Word Suggestion Algorithm

We use automatic correction (Autocorrect) every day on our mobile phones and computers. So how does the autocorrect mechanism work? In this article, I will try to explain an example structure using the Python programming language regarding the autocorrect algorithm used in NLP. Even if the algorithm that I will design is not the same as the algorithms used in phones, it is useful to say that it is a very efficient structure :)

Data Preprocessing

In most machine learning processes, cleaning the data with preprocessing and making it meaningful is one of the most important steps. Let’s use a very famous quote from Shakespeare previously defined in our NLP algorithm.

“O for a Muse of fire, that would ascend The brightest heaven of invention,
A kingdom for a stage, princes to act …… “

https://tr.wikipedia.org/wiki/William_Shakespeare

In this step, we have actually received a reference source. In this reference resource, we first need to find out which words are used and put them into a list structure (not a difficult step, actually :)) Then we need to find the words that are meaningful to us as output count by count.
We can summarize this step with an example as follows.
I am very eager to learn and explain → After entering the process function, you may think as if you leave “I am willing to learn, tell,”. The important thing in this step is not to take the repetitive words, if we do not omit the repetitive words, it will have a negative effect on the existing probability state.
Then we need to find the word frequency values ​​from the txt file that we defined with the count function.
“I am going, I am coming, I love” It should be noted that it counts as I → 1 because we receive unique words.
Then the probability of a word to be found in the text should be calculated. For example, the word x is in the text file with a probability of 0.0045.
We need to extract the character probability as in the table below.

String Manipulations

If the input entered in this step is taught to the NLP algorithm, it should be output as an existed word. Otherwise, we will examine how to find the correct character with string manipulation.
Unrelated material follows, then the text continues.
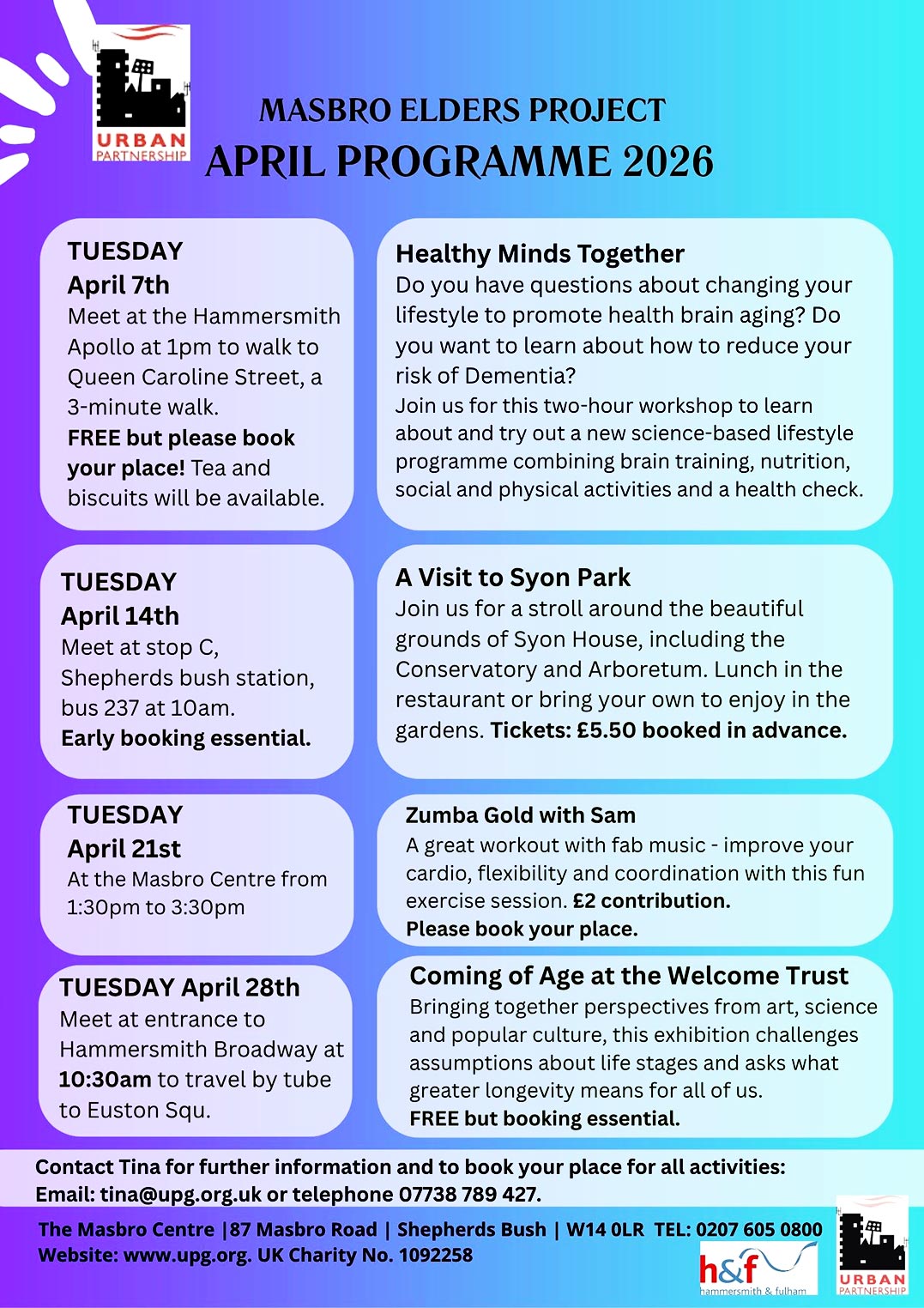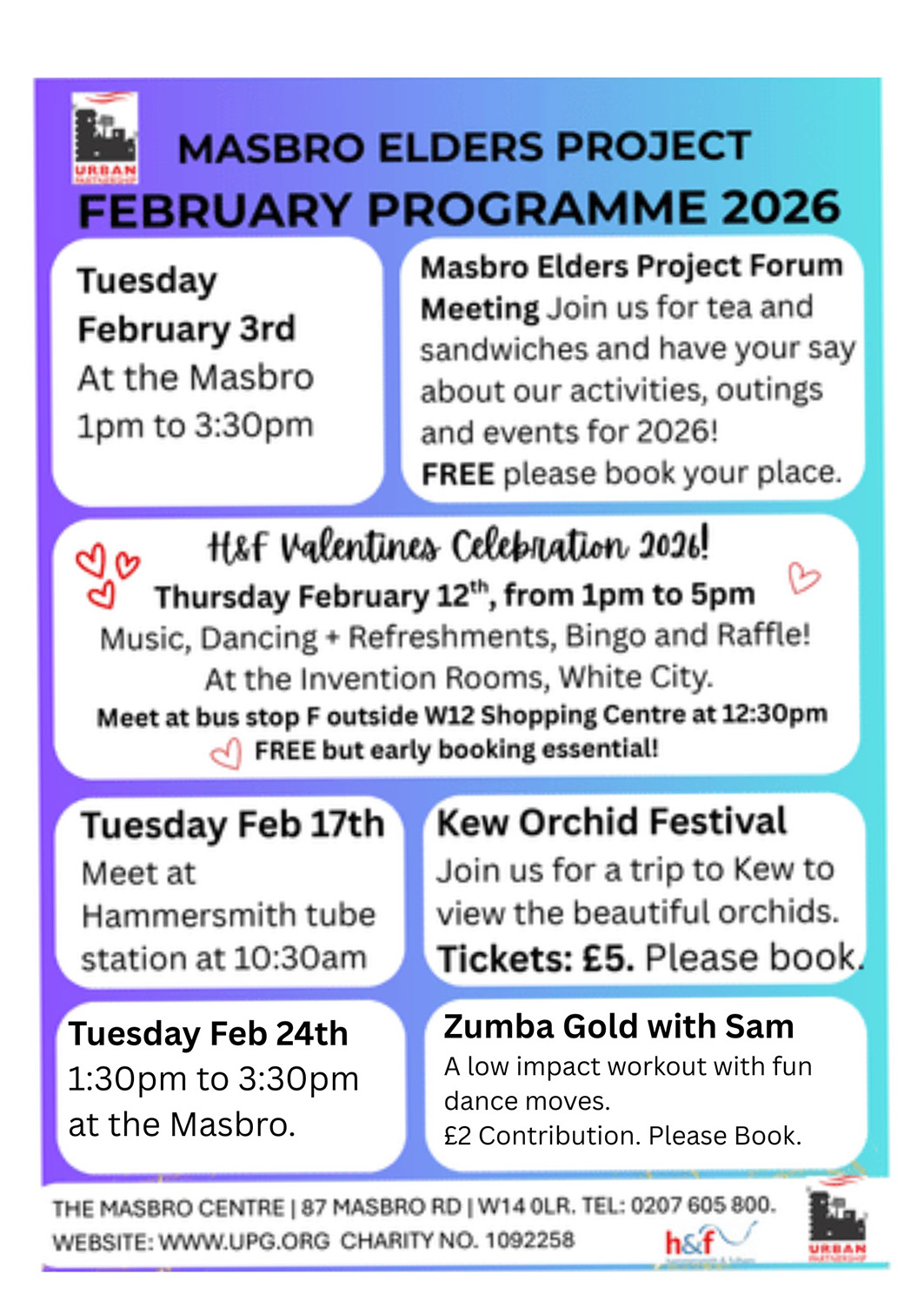 Urban Partnership Group runs community services in Hammersmith and Fulham. These include Children’s Centres, family outreach provision, borough-wide parenting programmes, nursery provision and crèche services, sports and leisure facilities, an older people service, Masbro Youth Centre, volunteering, adult education classes, employment support service, art and pottery workshops, as well as managing space for the wider community to use.

  • delete_letter: one character removed.
  • switch_letter: two adjacent letters switched.
  • replace_letter: one character replaced by another different letter.
  • insert_letter: an additional character inserted.

Below you can see the shortcode about the delete operation as an example. Other manipulation operations will be coded in a similar logical manner.

def delete_letter(word):

delete_l = []
split_l = []

split_l=[(word[:i],word[i:]) for i in range(len(word)+1) ]
delete_l=[(L + R[1:]) for L, R in split_l if R ]

return delete_l

Let’s take the case of accidentally spelling hoappy instead of happy

delete = [‘oappy’, ‘happy’, ‘hoppy’, ‘hoapy’, ‘hoapy’, ‘hoapp’]

After switch operation :

switch = ['ohappy', 'haoppy', 'hopapy', 'hoappy', 'hoapyp']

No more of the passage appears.